PROBLEM DETAILS: State how many lines of the records below contain the word "adult", giving the number and nothing else.

DATA TO PROCESS:
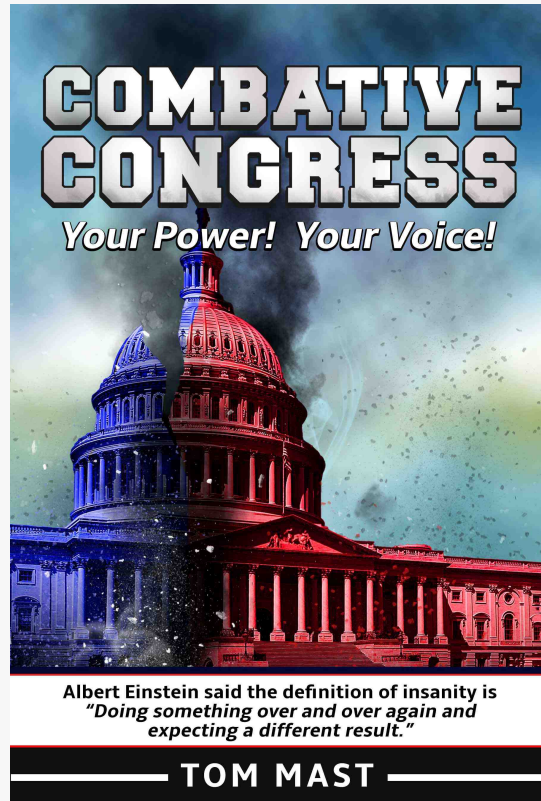
Combative Congress front cover

Combative Congress addresses a serious and complex topic in ways that make reading it pleasant. This nonpartisan book is unique in that its appeal stretches from a high school student to a professor, from a newly married person to a retired chemical engineer, and more. It was
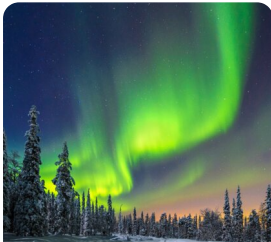
Aurora Borealis Go Aurora spotting

These are just a few of the very special hand selected experiences that will really make your touring experience exceptional and unique, and don't forget, with Albatross they are always included.
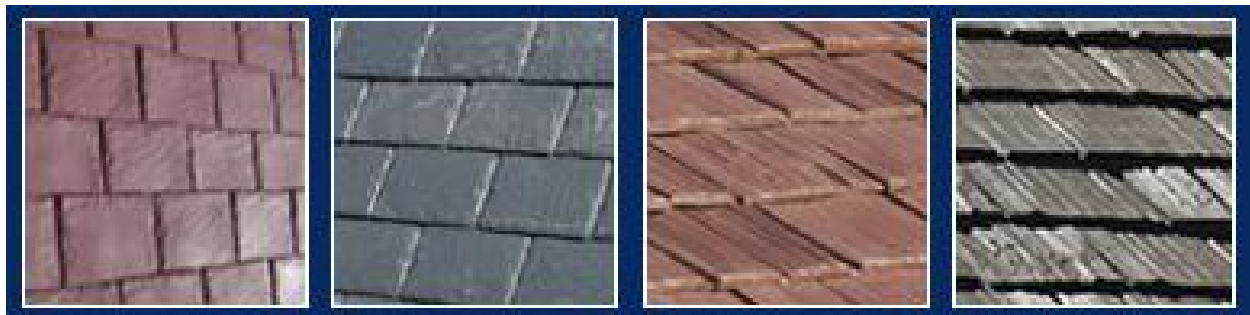
Figure 10-5 Rubber Shingles

These shingles are made from recycled automobile tires and can simulate the look of slate or wood shakes with relatively low weight. They are obviously hail resistant.
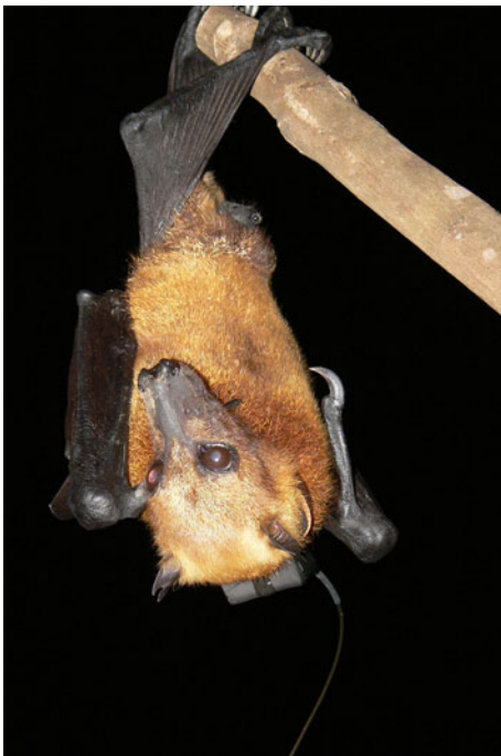
Fig. 2. An adult male Pteropus neohibernicus (Bat G) fitted with a 22-g battery-powered satellite transmitter immediately before release in Papua New Guinea.

On July 21, 2006, a transmitter was deployed on a 1030-g adult male P. neohibernicus at Sewerimabu on the Fly River, Western Province, Papua New Guinea (Figs. 2, 3). The
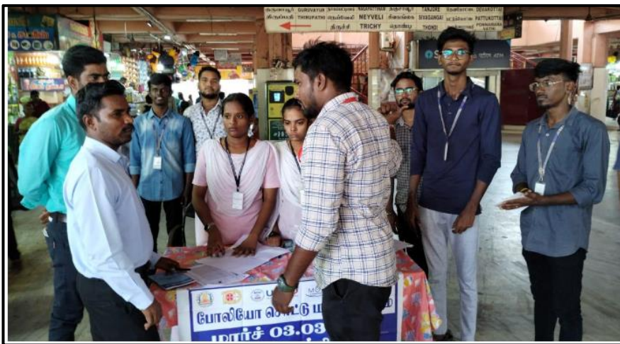
Fig 1.17 Snapshot taken during Polio Camp.

A team of students from our RAC SIT have been sent as volunteers for the children and their parents who have come for POLIO DROP. Our Student Rotaractors helped those people on 3 rd of March. Our Rotaractors felt very satisfied in helping those children and event organizers and spending a great time with them. This event, & quot;VOLUNTEERS ASSISTANCE FOR POLIO DROP EVENT & quot; has been undertaken by our Rotaract Club of Sethu Institute Of Technology with great dedication and professionalism.
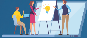
Industry Experts Led Live Sessions
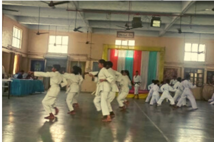
KARATE - FIRST ASSESSMENT
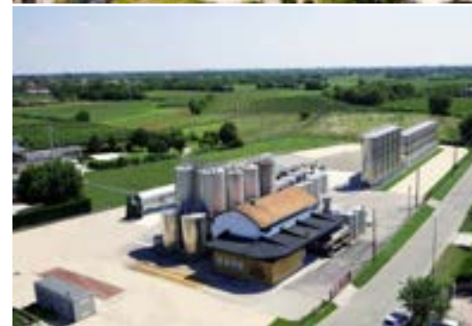
Facilities Collection center and vinification plant in Arcade (TV)
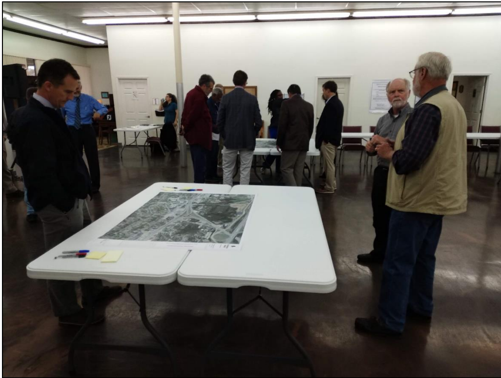
FIGURE 5: PUBLIC DISCUSSION (1 OF 3)
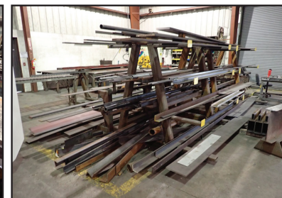
ASSORTED STEEL INVENTORY
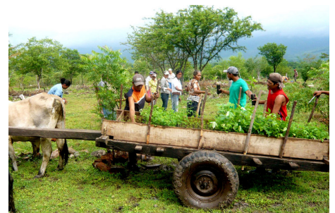
Loading the cart with seedlings: Each rainy season, entire villages come together to plant hundreds of thousands of trees.
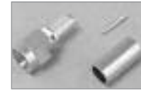
SMA (M) Crimp, 3 Piece, Solder or Crimp Center Pin
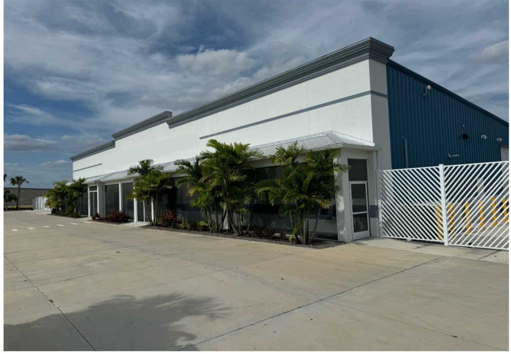
Your paragraph tex
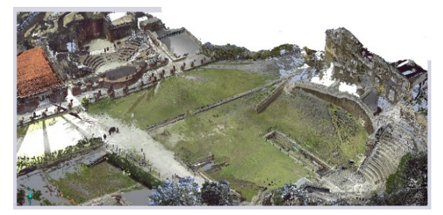
Figure 2: Laser scanning point cloud.

The survey of the area (ca 1 ha) required a multitechnique procedure. The entire area was firstly surveyed with a TOF laser scanner (Faro Focus 3D), planning and acquiring 29 medium resolution scans. This instrument has a range noise less than 1 mm for measurements up to 25 m. The scans alignment and registration were carried out with the proprietary software, using printed checkerboard targets and spheres, distributed within the field of view of the instrument. The final point cloud is of about 338 million points (Fig. 2). The main difficulties of the TLS survey were the handling of the large quantity of data as well as the colouring of the point cloud due to overlapping scans and low-res embedded camera.
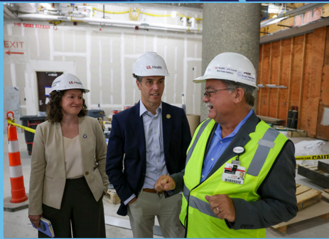
McGARVEY + GIFFORDS TOUR UofL HEALTH CONSTRUCTION
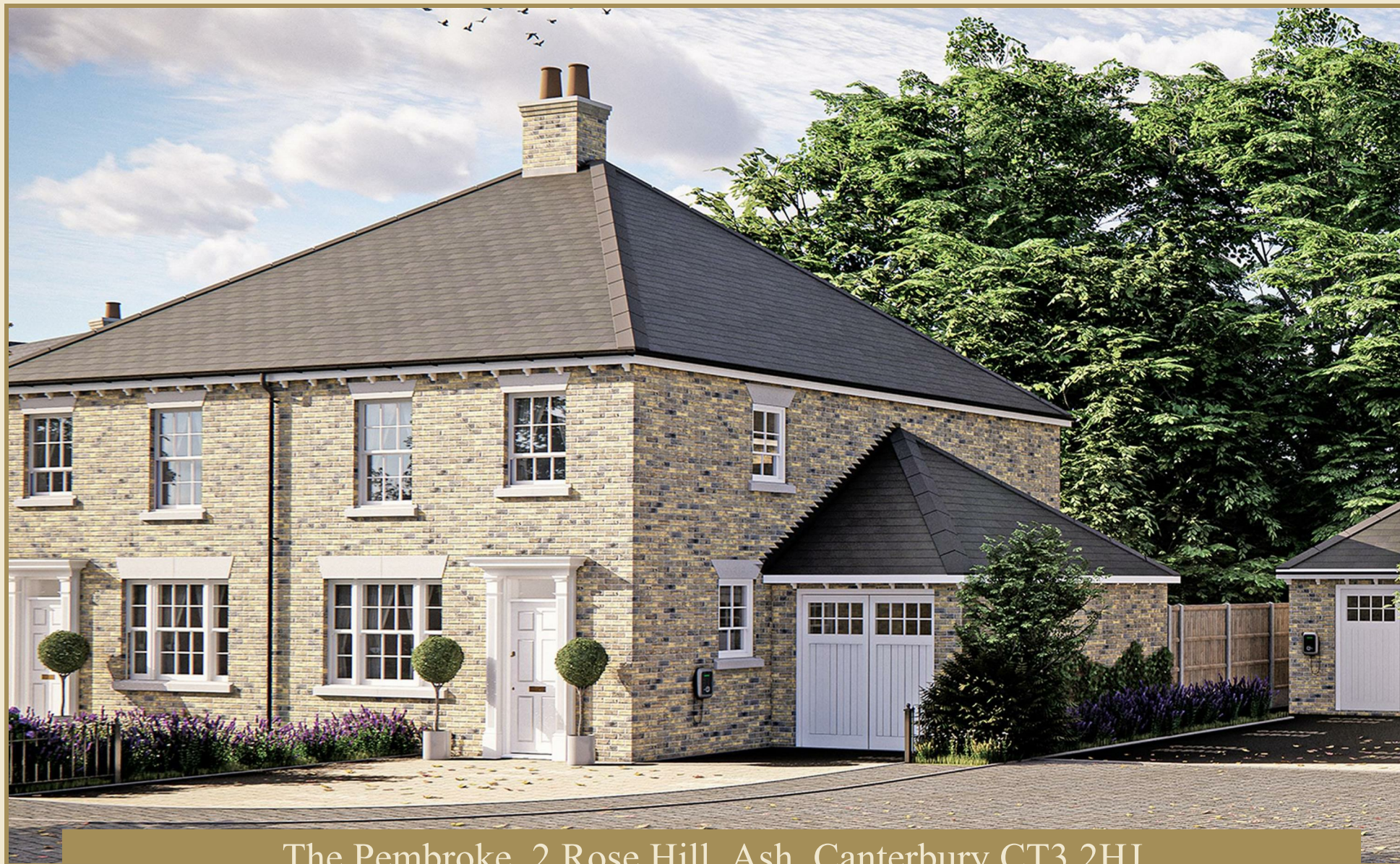
The Pembroke, 2 Rose Hill, Ash, Canterbury CT3 2HJ
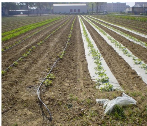
Picture.1 Effect of Plastic Mulching in the Drip Irrigated Vegetable Crop Growth of plants under plastic mulch and in bare soil.

In 1 acre farm 3 times weeding operation is require and in 1 time weeding operation require 4 man days and labour cost is 300₹ per day means total cost 3600₹ is require. So by the use of plastic mulching cost of weeding could be eliminated.
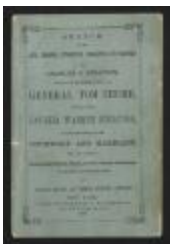
Book: "Sketch of the Life of General Tom Thumb and Lavinia Warren Stratton", 1867 (covers only) (T 2014.033.001)
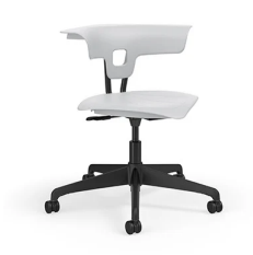
Ruckus Task Chair >
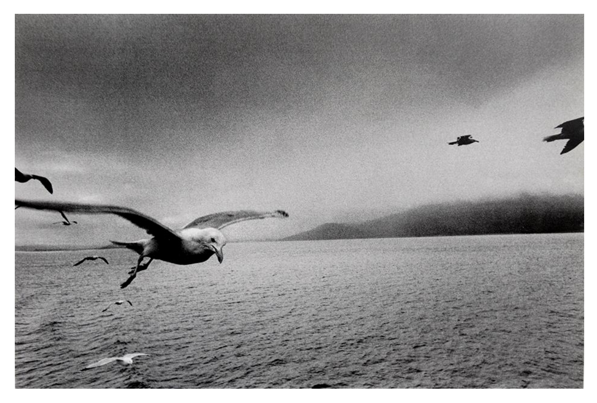
Fig. 23. Josef Koudelka, Scotland, 1977
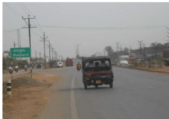
Fig 9 : Intersection of Bridge without Sign.
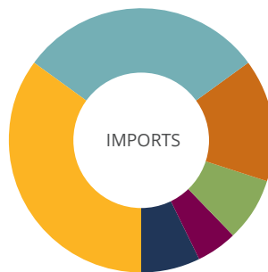
FY2021 ALL CARGO IMPORTS (WEIGHT)
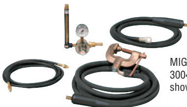
MIG kit 300405 shown.

300408 For single or dual feeders Holds two large gas cylinders and has gun cable hangers and a consumable drawer in front. A convenient handle allows the cart to be pulled easily through doorways. Power source and single or dual feeders can be mounted to cart and secured.

SOLUTION FOR THIS EXERCISE: 2